Number of new drugs picks up in Europe and U.S.

Posted: Published on December 19th, 2012

This post was added by Dr P. Richardson

LONDON (Reuters) - The number of new medicines approved or pending approval is on the rise on both sides of the Atlantic, painting an encouraging picture for the global drugs industry as it emerges from a wave of patent expiries.

European regulators said on Tuesday that they expect an increase in new drug applications to about 54 in 2013. In the United States, a total of 34 new drugs have been approved for sale so far in 2012 - the highest level in eight years.

The sector badly needs a pick-up in productivity as companies try to refill their medicine chests after a wave of patient expiries that have peaked this year, depriving leading U.S. and European drug companies of more than $30 billion of revenue.

"It bodes well," said Standard & Poor's (S&P) analyst Olaf Toelke, who predicts that strong pipelines will allow most large drugmakers to emerge unscathed from the spike in sales losses.

"It shows that companies are addressing the need to find new drugs to replace those facing patent expiration.
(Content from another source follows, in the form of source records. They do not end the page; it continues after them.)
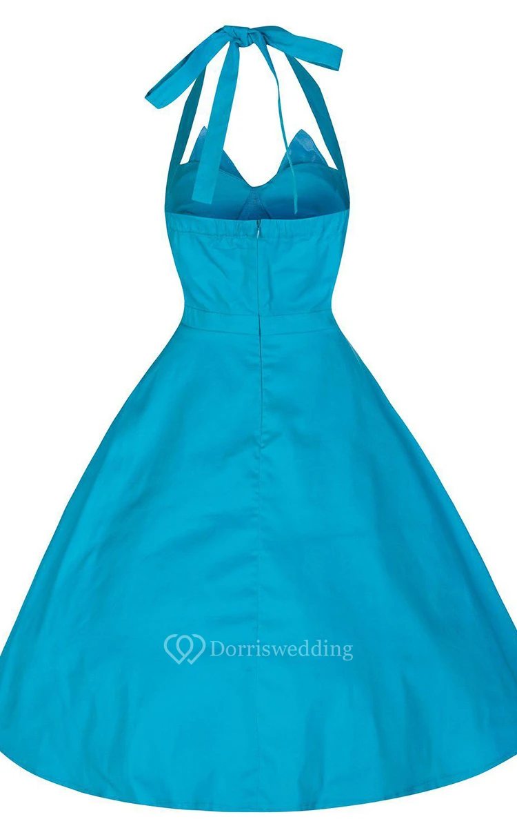 Halter A-line Tea-length Dress With Buttons
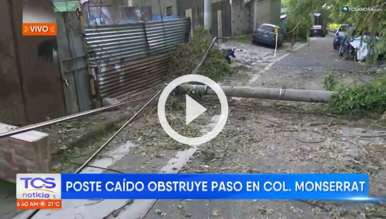 En la sección de Reporte Ciudadano de TCS Noticias, el periodista Daniel Ayala nos informa sobre la caída de un poste del tendido eléctrico en la colonia Monserrat, final de la avenida 51 Sur de San Salvador Centro.
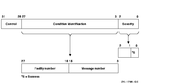 The first word contains a condition value indicating the success or failure of the operation. The condition values used are the same as for all returns from system services; for example, SS$_NORMAL indicates successful completion.
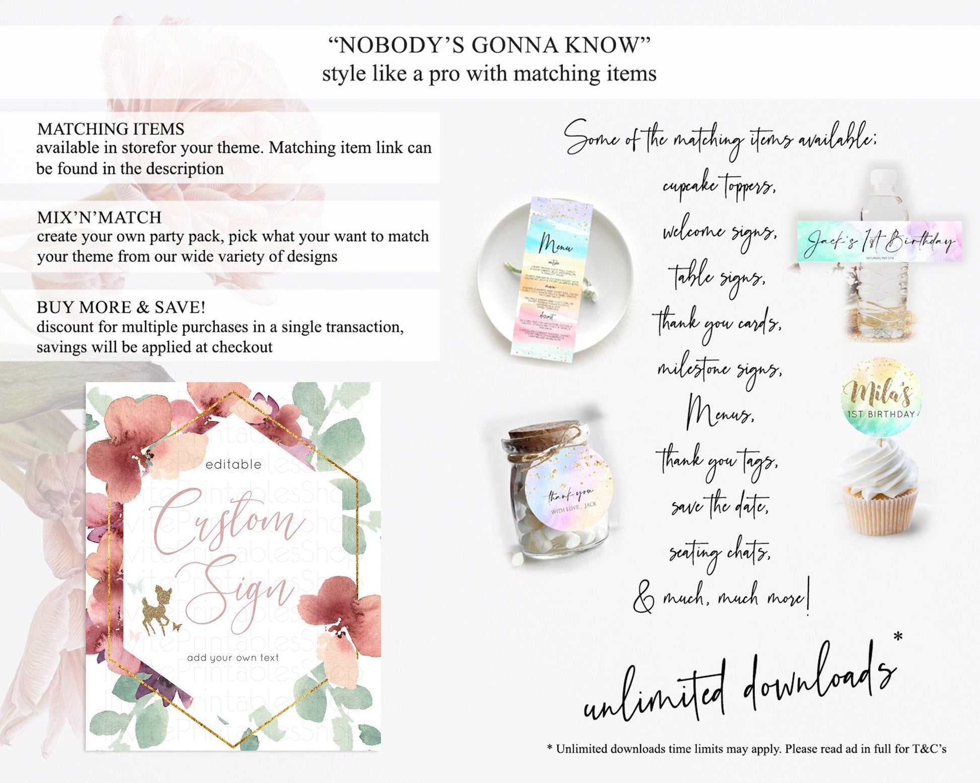 Fawn Deer Sign Pastel Floral Deer Table Sign Decor Enchanted Forest Butterfly Party 1st Birthday Baptism Baby Shower Bridal Shower D10459
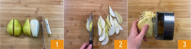 Para preparar a torta salgada de peras e gorgonzola, como primeiro passo corte as peras em quartos 1, retire o miolo e faça fatias finas 2 de cerca de 2-3 mm de espessura. Rale o queijo fontina 3, pique grosseiramente as avelãs e deixe de lado.

They have done their homework and it looks as if the industry will be at least stable in future and not fall off the threatened patent cliff."

The U.S. Food and Drug Administration (FDA), gatekeeper to the world's biggest pharmaceuticals market, still has just over a week to add more approvals to this year's tally - and there are signs that the number will increase further.

Three new products for leukemia, anthrax and Cushing's disease from Ariad Pharmaceuticals, GlaxoSmithKline and Novartis were approved last Friday alone, and the FDA is scheduled to hand down decisions on a further four drugs before the end of the month.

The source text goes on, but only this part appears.